Verizon, a Dow 30 company, has 24.1 million wireline connections, 92 million wireless customers and approximately 16 million additional devices on its network as of December 2011. Verizon was the first company to offer LTE (Long Term Evolution) network in late 2010, followed by AT&T. The company recently extended its 4G LTE network with the addition of 46 new markets to reach a total of 304. By expanding its service in 22 markets where it already had a presence, Verizon has claimed the largest current 4G LTE network. A smaller but growing competitor Sprint has plans to start a network this summer.

Positives:

According to Verizon, 47% of its postpaid subscribers owned smartphones by the end of the first quarter, as opposed to 43.5% in the same quarter last year. Verizon presently offers 24 LTE smartphones and tablets, including the latest Samsung Galaxy S III.  All telecom providers have seen a greater increase in wireless subscribers in contrast to wireline, with the demand for smartphones especially high. I checked Sprint’s website and found that Samsung Galaxy S III is out of stock on preorders. With the launch of iPhone 5 expected this year in October, the new Samsung Galaxy S III out, and Verizon’s Share Everything data plans expected to be launched on June 28, the number of smartphone users for Verizon are also expected to increase by year end.

The company was able to secure an EBITDA service margin of 45% in its wireless segment for FY11 which was the best in the industry, even with high handset subsidies.

According to last year’s annual consumer satisfaction survey, Verizon ranked as the best service provider, followed toe-to-toe by Sprint.

The almost finalized acquisition of Hughes Telematics expected to close in Q3 of 2012 will also help Verizon integrate vertically in automotive and fleet telematics markets, including emerging machine-to-machine (M2M) services applications, thus bringing diversification to the company.

Most telecom providers, including AT&T, hold a strong cash position to continue their current dividend payouts. Verizon has been increasing dividend payout over the years, paying out more in cash than what it made in revenues. Dividend payout has increased from 60% in FY05 to over 230% in FY11. In recent months, two telecom providers Alaska Communications (NASDAQ: ALSK) and Frontier Communications (NASDAQ: FTR) have cut their dividends for further expansion.

Verizon is also expected to witness work force reduction benefits, including a reduction in pension plan expenses. The number of employees has decreased over the past three years, from 194,400 in 2010 to 191,800 in Q1 2012.

Some dislike the company based solely on ethical grounds.

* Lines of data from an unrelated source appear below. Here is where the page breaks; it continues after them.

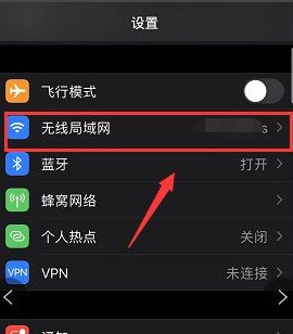 在手机设置中开启无线局域网配置,点击当前连接网络后的绿色感叹号。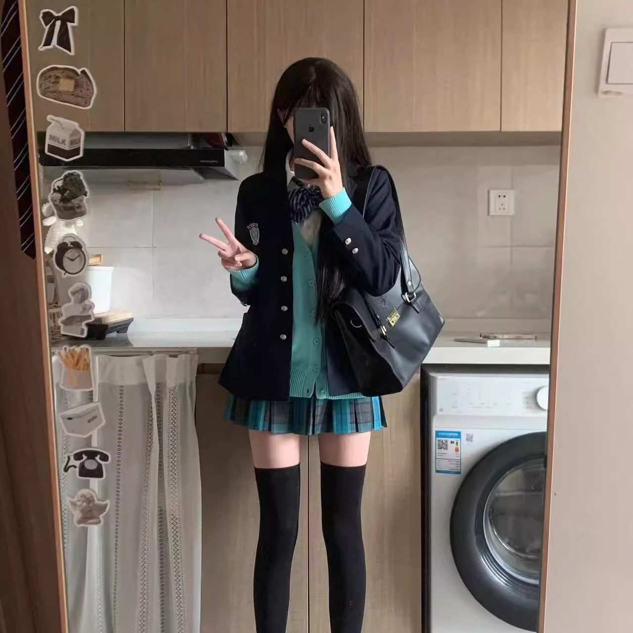 透气深蓝校裤 高腰舒适加绒保暖高中学生厚款 子加绒加厚冬季 校服裤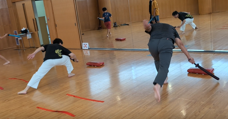 休み時間中に大人の試合稽古。最近は短刀の練習が多いです。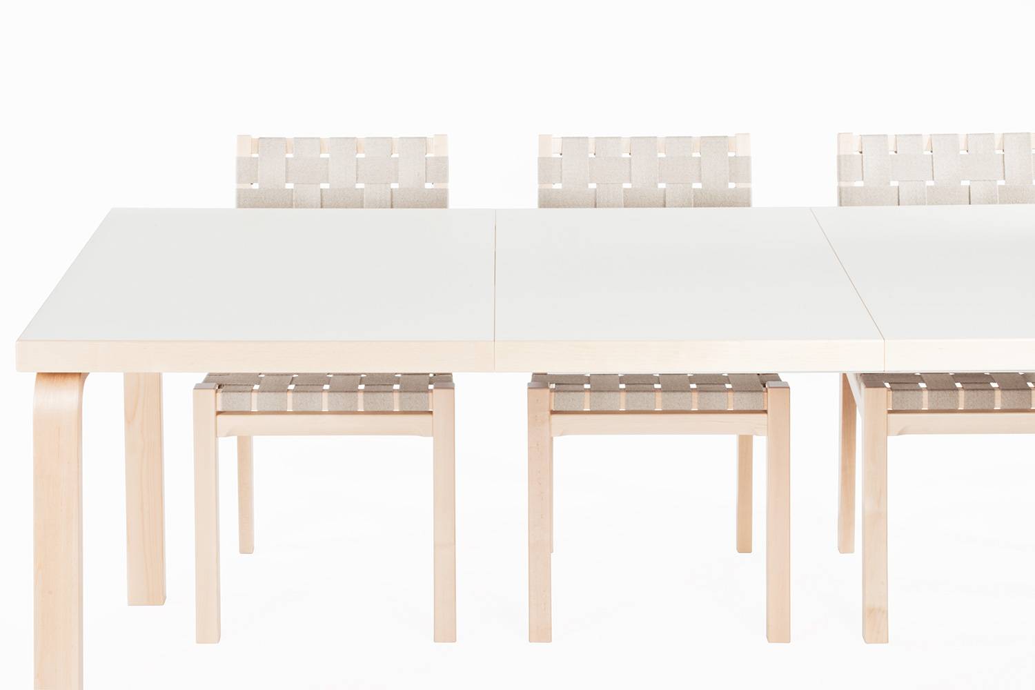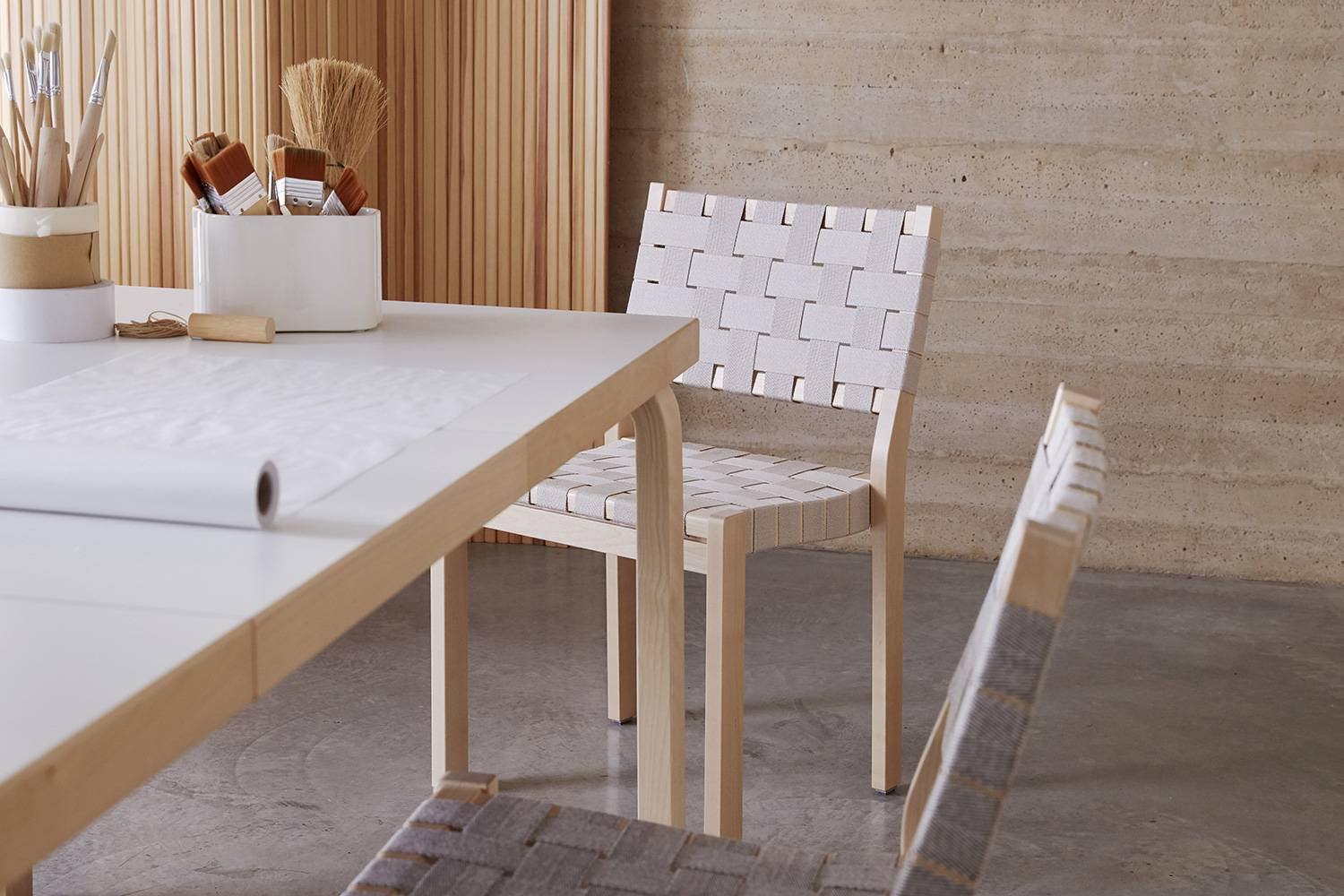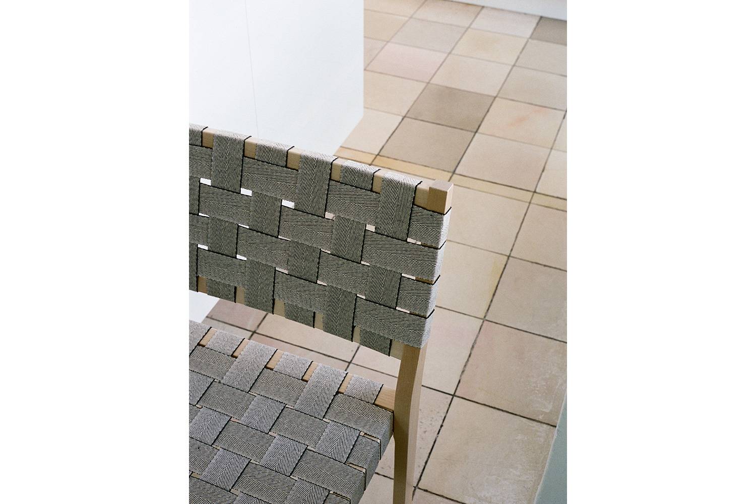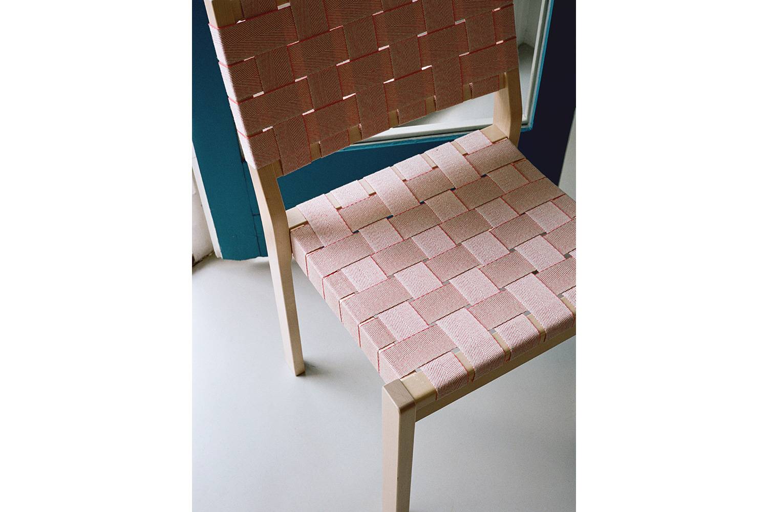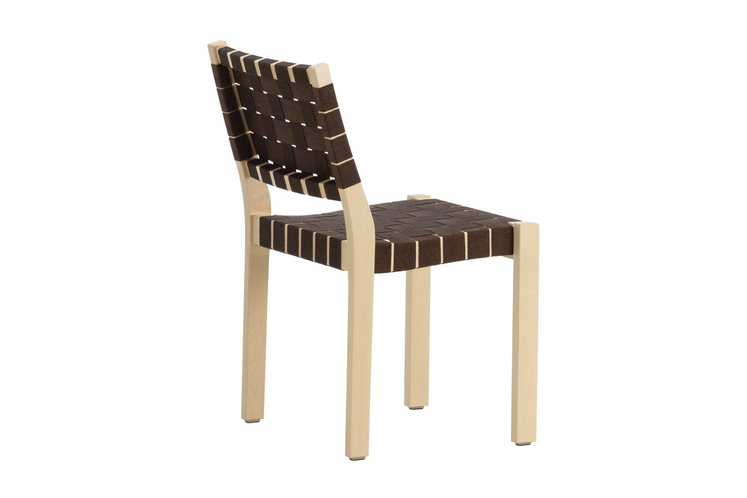 アルヴァ・アアルトによる611 チェアは、丈夫なバーチ材のフレームとリネンのウェビングテープによって形づくられています。 快適さと実用性を考えてデザインされたウェビングテープによる座面と背もたれが、座った人の重みを優しく受け止め、とても心地良く座ることができます。

It is true that Verizon was found guilty of overcharging its users in the past, but it later claimed to refund the charges. It also recently settled a whistleblower lawsuit, paying $93.5M in settlement for overcharging government.  Furthermore, Verizon used conservative estimates to evade taxes in the past. The arguments are legitimate. Nonetheless, my support for the company is based on its operations and prospects within its sector. If the ethical issues don’t bother you, Verizon is one stock you would want to hold in the long term because of a strong dividend yield and expected price appreciation from sector stability. Adage Capital, Cliff Asness’ AQR Capital, and billionaire Ray Dalio’s Bridgewater are also bullish about Verizon (see Ray Dalio’s new stock picks).


This article is written by Palwasha Saaim and edited by Meena Krishnamsetty. Meena has long positions in T and FTR. The Motley Fool has no positions in the stocks mentioned above. Try any of our Foolish newsletter services free for 30 days. We Fools may not all hold the same opinions, but we all believe that considering a diverse range of insights makes us better investors. The Motley Fool has a disclosure policy.If you have questions about this post or the Fool’s blog network, click here for information.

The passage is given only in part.